- _Work to be completed_: Reproduce the data below word for word, setting aside any picture it holds.

- _Dataset content_:
-- Opening Marker --
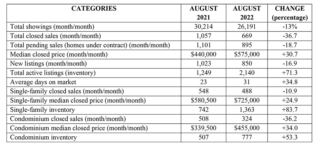 While overall closed sales for August decreased 36.7 percent to 669 from 1,057 in August 2021, it increased 5.6 percent compared to July’s closed sales. Historically, closed sales and pending sales (homes under contract) in August do not outperform July’s closed and pending sales. But this year is different. “Pending sales in August
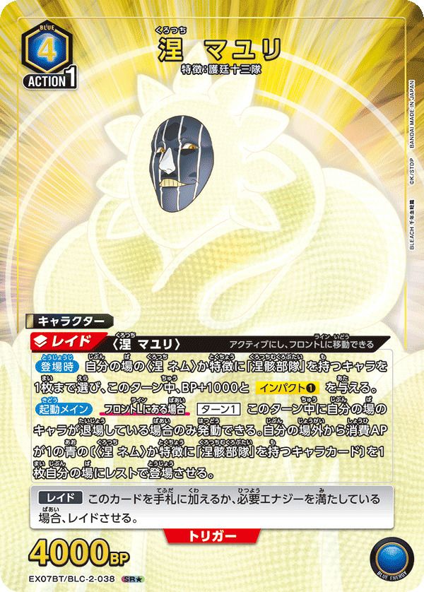 他の画像を見る 販売価格 ¥ 540 〜 ¥ 1,350 税込 販売価格 ¥ 税込 状態A 状態B 状態C 状態D 涅 マユリ(EX07BT/BLC-2-038)[SR★] 商品詳細を見る お気に入りに登録する 在庫切れ
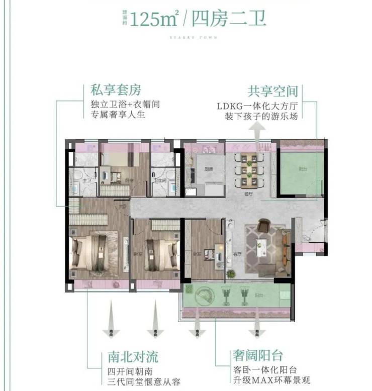 125方4+1房2卫,五开间朝南,客餐厅主卧南北对流,超实用LDKG大方厅,满足生活多样使用
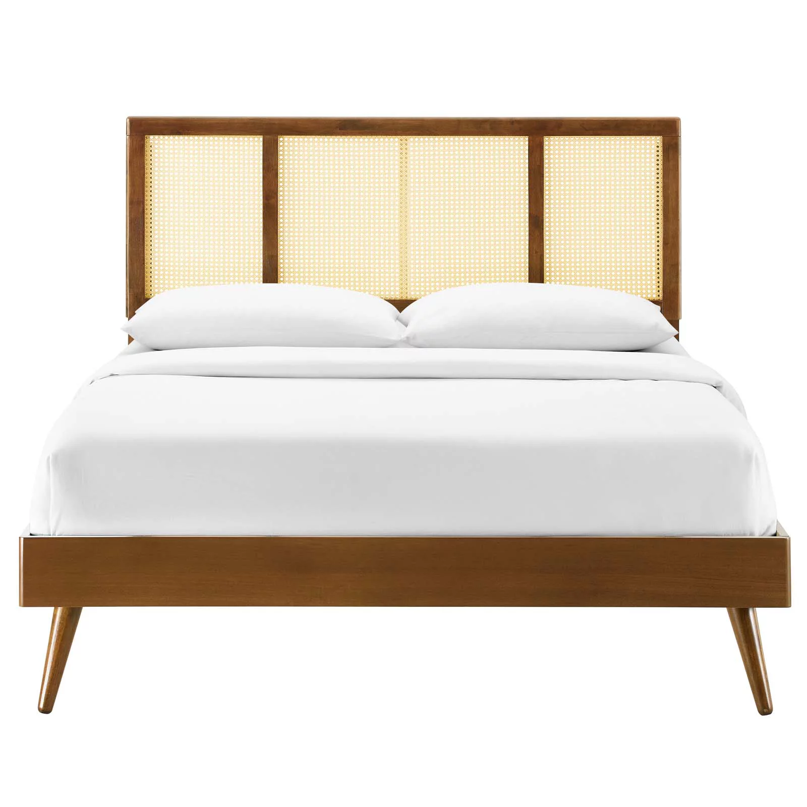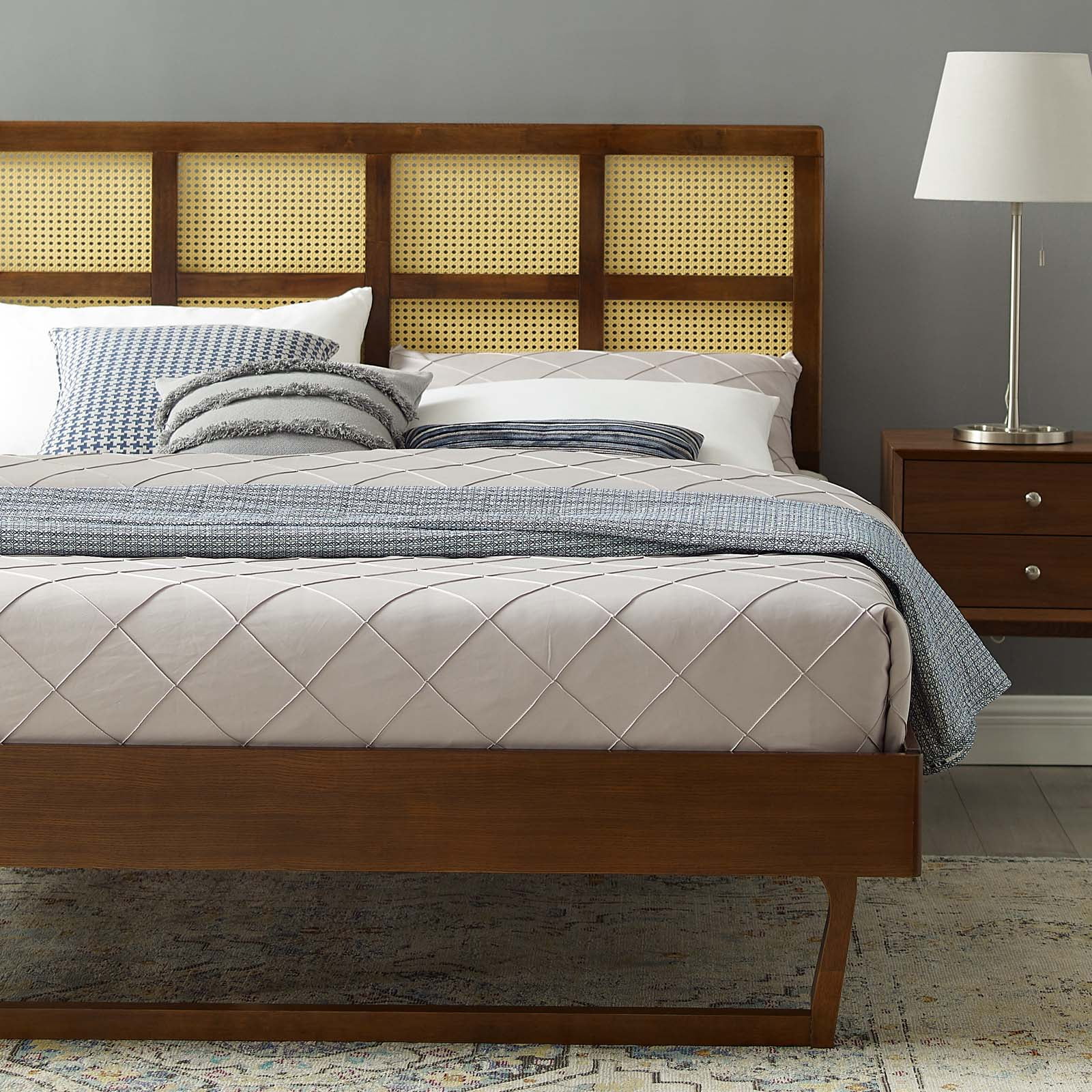 Platform Bed Frame, King Size, Wood, Brown Walnut, Modern Contemporary Urban Design, Bedroom Master Guest Suite
-- Closing Marker --
- _Task result_:
 While overall closed sales for August decreased 36.7 percent to 669 from 1,057 in August 2021, it increased 5.6 percent compared to July’s closed sales. Historically, closed sales and pending sales (homes under contract) in August do not outperform July’s closed and pending sales. But this year is different. “Pending sales in August
 他の画像を見る 販売価格 ¥ 540 〜 ¥ 1,350 税込 販売価格 ¥ 税込 状態A 状態B 状態C 状態D 涅 マユリ(EX07BT/BLC-2-038)[SR★] 商品詳細を見る お気に入りに登録する 在庫切れ
 125方4+1房2卫,五开间朝南,客餐厅主卧南北对流,超实用LDKG大方厅,满足生活多样使用
 Platform Bed Frame, King Size, Wood, Brown Walnut, Modern Contemporary Urban Design, Bedroom Master Guest Suite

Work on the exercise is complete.